In the meantime, the best advice is to keep a close eye on the social media feeds and aviation forums to see how this deployment progresses and whether additional bombers make an appearance.
Aircraft Serial Numbers via http://www.fightercontrol.co.uk
Callsigns: TORE 51-56
Speaking about today’s arrival, the USAF Public Affairs Office provided:
Six U.S. Air Force B-52 Stratofortress bomber aircraft from the 5th Bomb Wing, Minot Air Force Base, North Dakota, arrived Aug. 22, 2020, at RAF Fairford, England for a long planned training mission where the aircraft will conduct theatre and flight training across Europe and Africa.
The strategic bomber missions, which have been occurring since 2018, provide theatre familiarization for aircrew members and opportunities for U.S. integration with NATO allies and regional partners. The bomber missions enhance readiness and provide the training necessary and respond to any potential crisis or challenge across the globe. There have been more than 200 successful flight sorties coordinated with allies and partners since the Bomber Task Force missions began.
“B-52s are back at RAF Fairford and will be operating across the theatre in what will be a very active deployment. Our ability to quickly respond and assure allies and partners rests upon the fact that we are able to deploy our B-52s at a moment’s notice,” said Gen. Jeff Harrigian, U.S. Air Forces in Europe and Air Forces Africa commander. “Their presence here helps build trust with our NATO allies and partner nations and affords us new opportunities to train together through a variety of scenarios.”
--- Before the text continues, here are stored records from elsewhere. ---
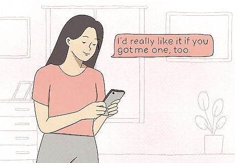 Say what you want. While it’s tempting to try to hint at what you want from a boy, he is unlikely to realize what you’re really wanting from a hint. Because he’s used to being direct, he’ll assume that you are as well. For example, if a boy is going to the smoothie shop and you’re hoping he’ll bring you one, don’t text him, “I’m totally craving a smoothie right now.” He will not get the hint. Instead, text, “I’d really like it if you got me one, too.”
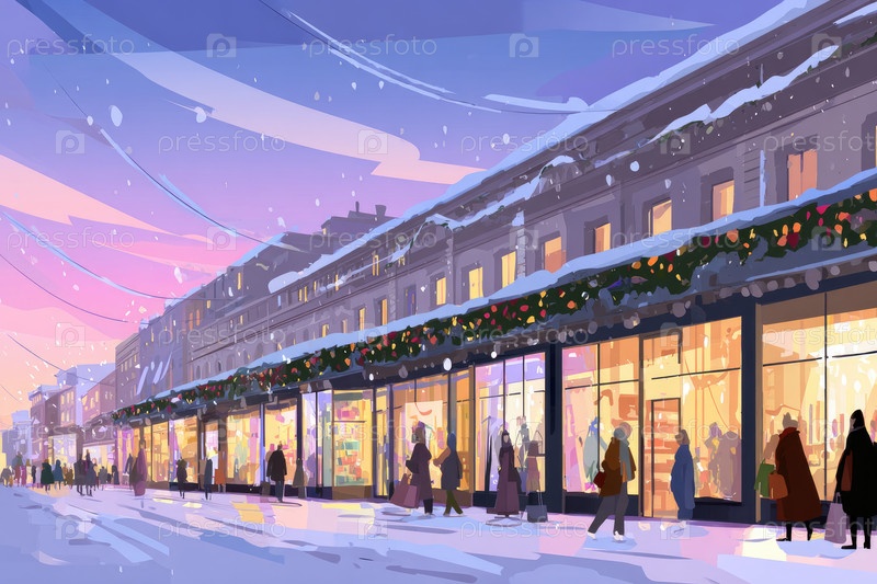 Зимняя уличная сцена с яркими витринами, украшенными декорациями, когда люди гуляют по снегу, наслаждаясь праздничной атмосферой и теплым светом витрин во время сумерек
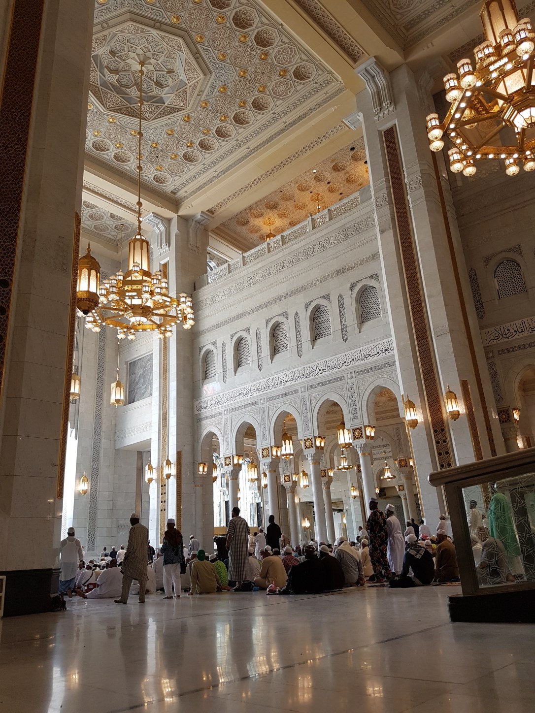 Sedangkan di lantai 1 dan lantai 2, terasa lebih adem dan tidak padat. Tidak ada sengatan matahari langsung ke kepala. Orang-orang yang memakai kursi roda pun bisa tawaf di sana. Kekurangannya, jarak tempuh menjadi lebih jauh daripada di lantai dasar. Sedangkan di lantai atap kesulitannya adalah panas menyengat (tidak ada atap, tapi kurang tahu apa sekarang sudah ditutup atau tidak). Terlihat juga banyak pengguna kursi roda melakukan tawaf di area itu.
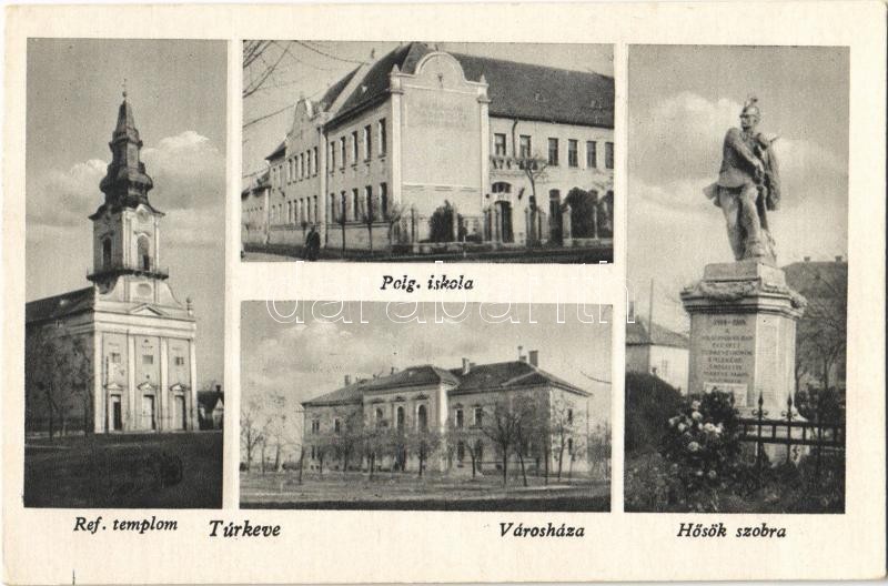 Leírás: Túrkeve, Református templom, Városháza, Polgári iskola, Hősök szobra, emlékmű
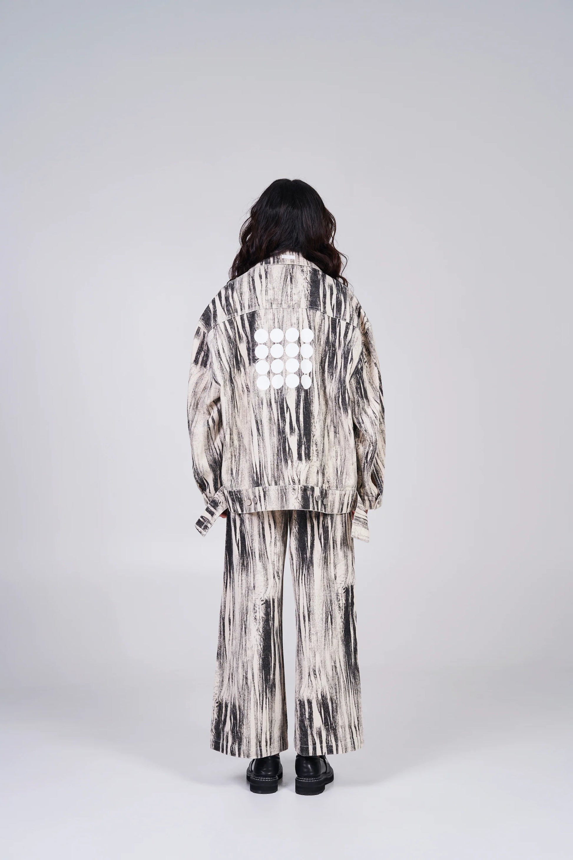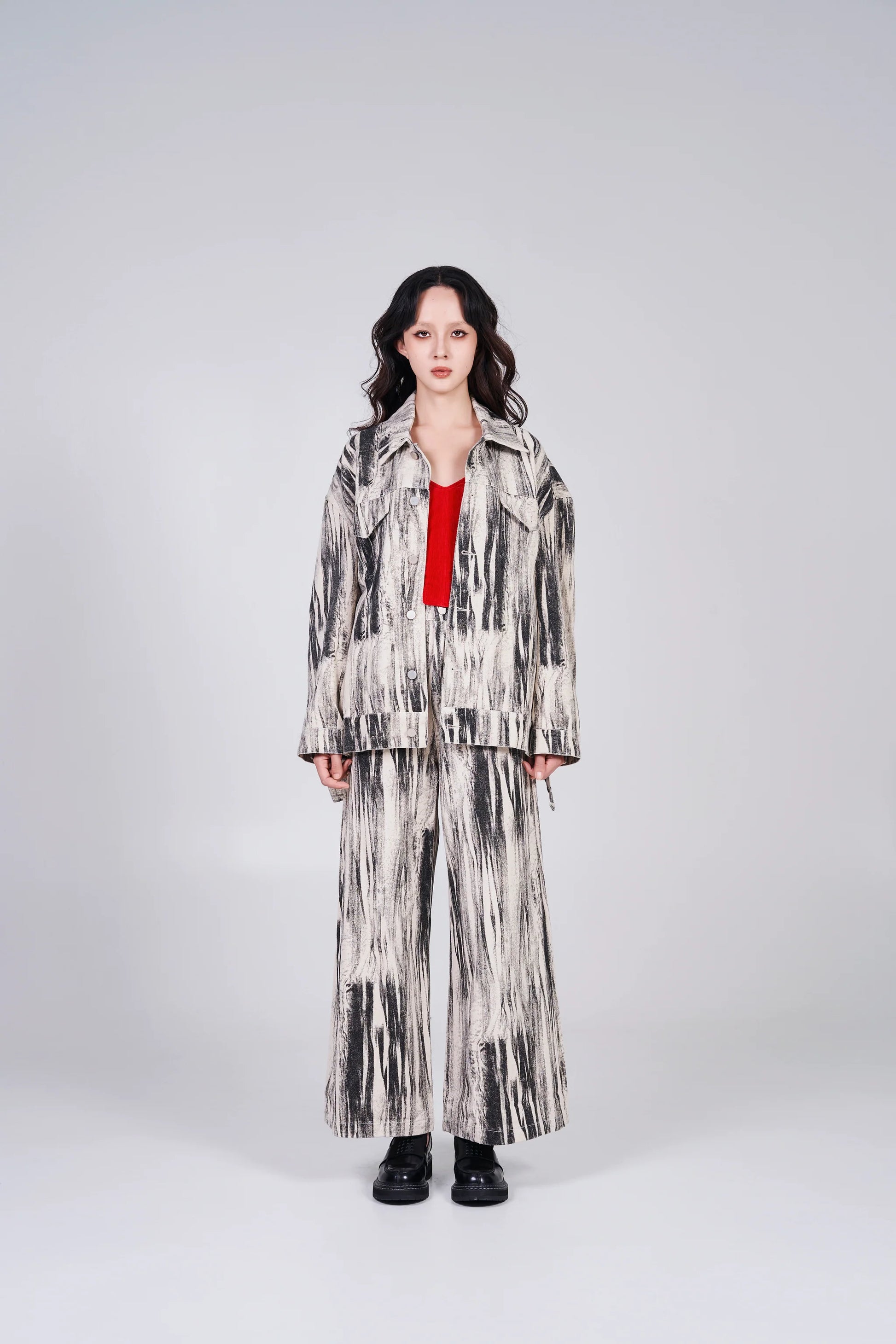 Exclusive for 2024 Lóng Nián. Oversized, distorted print in cotton denim with a collar, buttons down the front and yoke at the front and back. Dropped shoulders, buttoned cuffs, discreet side pockets and flap chest pockets with button. Logo at the back and collar for a pop up of branding.

Ongoing planned bomber missions showcase the Air Force’s ability to continue to execute flying missions, sustain readiness and support our allies and partners, regardless of any external challenge to include the current global COVID-19 crisis response or other current events within Europe and Africa.
It looks like RAF Fairford will once again become the focus for many military aviation and radio enthusiasts in the days and weeks ahead for what should be an exciting time.